With the equation above, we can easily verify the following conclusion:

Lemma 1. Let $\widehat{\pi}=\lbrace\widehat{\pi}_ h\rbrace_ {h=1}^H$ be the policy such that $\widehat{V}_ h(x) = \langle \widehat{Q}_ h(x,\cdot),\widehat{\pi}_ h(\cdot|x)\rangle_ \mathcal{A}.$ Then for any $\hat{\pi}$ and $x\in\mathcal{S},$ the suboptimality of $\hat{\pi}$ admits the following decomposition:

$$\begin{align*} \mathrm{SubOpt}(\widehat{\pi};x) = &\underset{\text{(i) Spurious Correlation}}{\underbrace{-\sum_{h=1}^H\mathbb{E}_{\widehat{\pi}}[\iota_h(s_h,a_h)|s_1=x]}} + \underset{\text{(ii) Intrinsic Uncertainty}}{\underbrace{\sum_{h=1}^H\mathbb{E}_{\pi^*}[\iota_h(s_h,a_h)|s_1=x]}}\\ &+ \underset{\text{(iii) Optimization Error}}{\underbrace{\sum_{h=1}^{H}\mathbb{E}[\langle\widehat{Q}_{h}(s_{h},\cdot),{\pi^*}(\cdot|s_{h}) - \widehat{\pi}(\cdot|s_{h})\rangle_\mathcal{A}|s_1=x]}}. \end{align*}$$

Remark. In this decomposition,

Term (i) is difficult to control, since $\widehat{\pi}$ and $\iota_h$ simultaneously depend on $\mathcal{D}.$
Term (ii) is easier to control, because $\pi^*$ is intrinsic to the underlying MDP and does not depend on $\mathcal{D}.$
Term (iii) is nonpositive, because $\widehat{\pi}$ is greedy with respect to $\widehat{Q}_ h,$ i.e. $\widehat{\pi}_ h(\cdot\vert x) = \underset{\pi_ h}{\mathrm{argmax}}\langle\widehat{Q}_ h(x,\cdot),\pi_ h(\cdot\vert x)\rangle_ \mathcal{A}.$

Pessimistic Value Itervation (PEVI)

Jin et al. (2022) proposed a pessimistic method to learn a policy in an offline RL problem. The algorithm, called Pessimistic Value Itervation (PEVI), flips the sign of the bonus function for promoting exploration in online RL.
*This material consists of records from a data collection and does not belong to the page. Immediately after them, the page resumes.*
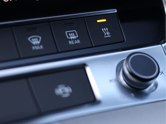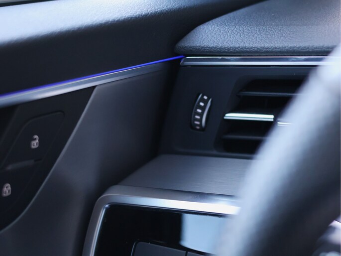 Het exterieur is uitgevoerd in het stijlvolle Vesuvgrau Metallic. Een kleur die bij zonlicht subtiel warm oogt en in de schaduw juist een stoere, bijna dreigende uitstraling krijgt. In combinatie met het S line exterieurpakket, de 21 inch lichtmetalen velgen en de zwarte accenten staat hier een Avant die net zo sportief als chique is. De HD Matrix LED-koplampen geven hem niet alleen een herkenbare, moderne blik, maar zorgen ’s avonds ook voor een indrukwekkend lichtbeeld.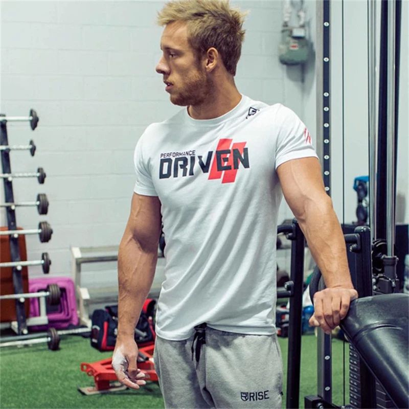 Мужская хлопковая футболка с принтом, Повседневная облегающая футболка для спортзала, фитнеса, бодибилдинга, кроссфита, одежда для лета, 2022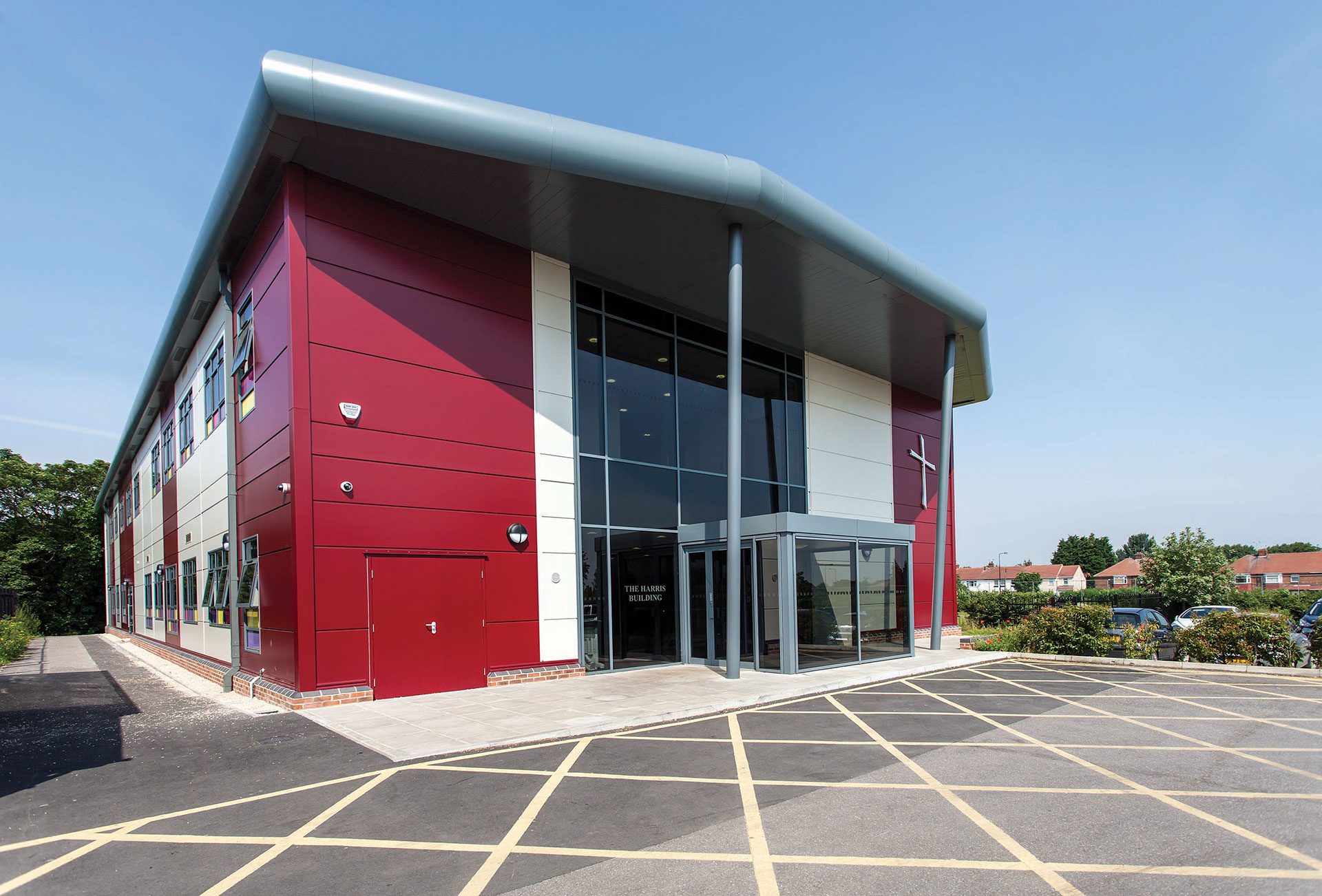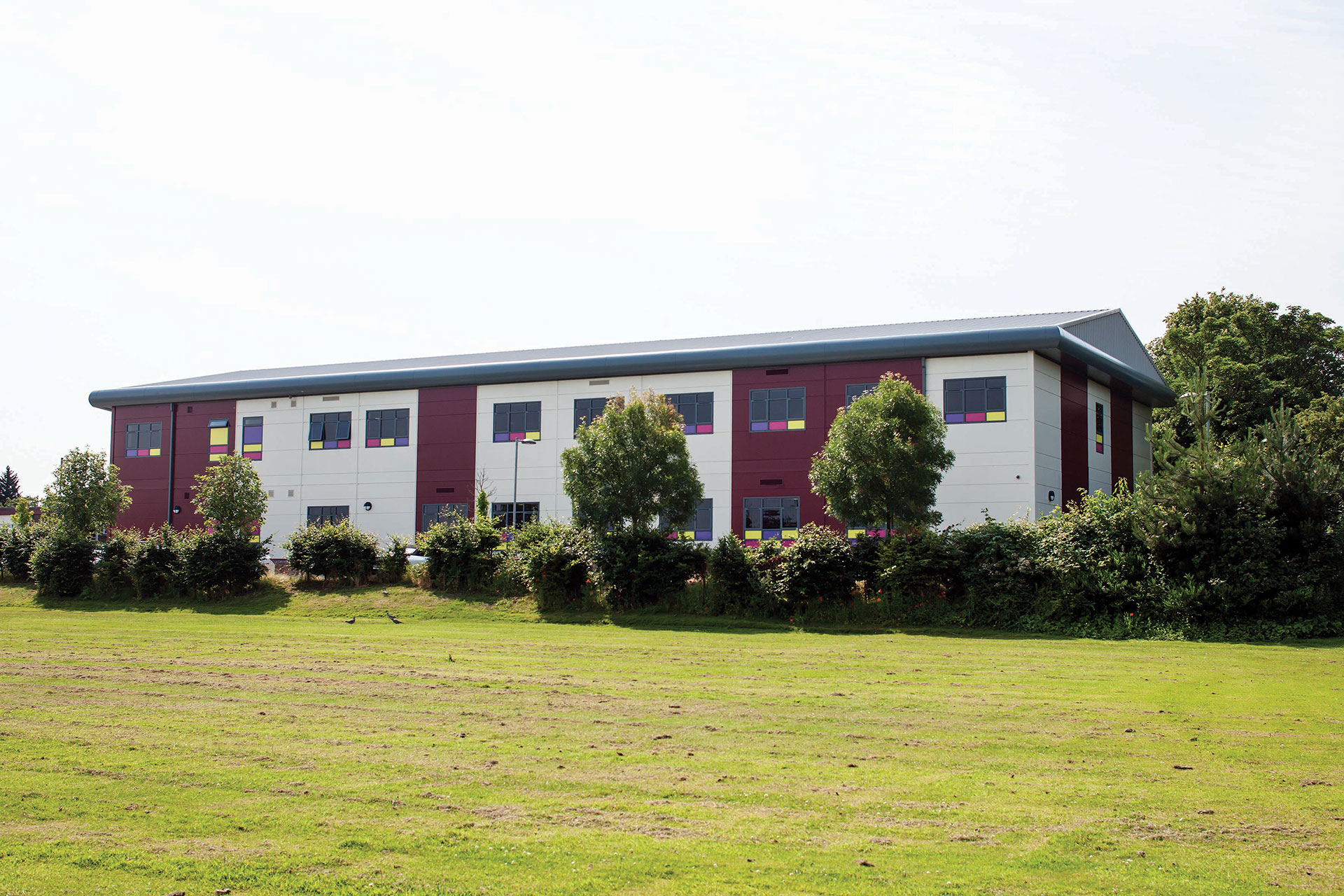The building was designed to create a bold statement and to reflect the contemporary appearance of existing school buildings. Architectural features included an overhanging pitched roof for the entrance canopy, full-height glazing to the front elevation and an external façade in the school’s distinctive corporate colours. Multi-coloured infills to the lower sections of the windows added further interest and created a strong identity.

The algorithm constructs the estimated functions $\widehat{V}_ h,\widehat{Q}_ h$ and Bellman operator $\widehat{\mathbb{B}}_ h.$ The operator $\widehat{\mathbb{B}}_ h$ can be implicit since the algorithm only uses $\widehat{\mathbb{B}}_ h\widehat{V}_ {h+1}.$ To eliminate the spurious correlation from the suboptimality, an uncertainty quantifier with the confidence parameter $\xi\in(0,1)$ is defined:

Definition 1 ($\xi$-uncertainty quantifier). $\lbrace\Gamma_h:\mathcal{S}\times\mathcal{A}\to\mathbb{R}\rbrace_ {h=1}^H$ is called a $\xi$-uncertainty quantifier with respect to $\mathbb{P}_\mathcal{D},$ if the event

$$\mathcal{E} = \left\lbrace\left\vert(\widehat{\mathbb{B}}_h\widehat{V}_{h+1})(x,a) - (\mathbb{B}_h\widehat{V}_{h+1})(x,a)\right\vert\leq \Gamma_h(x,a)\ \forall (x,a)\in\mathcal{S}\times\mathcal{A},h\in[H]\right\rbrace$$

satisfies $\mathbb{P}_ \mathcal{D}(\mathcal{E}) \geq 1-\xi.$

Based on this definition, a meta-algorithm for general MDP is given below.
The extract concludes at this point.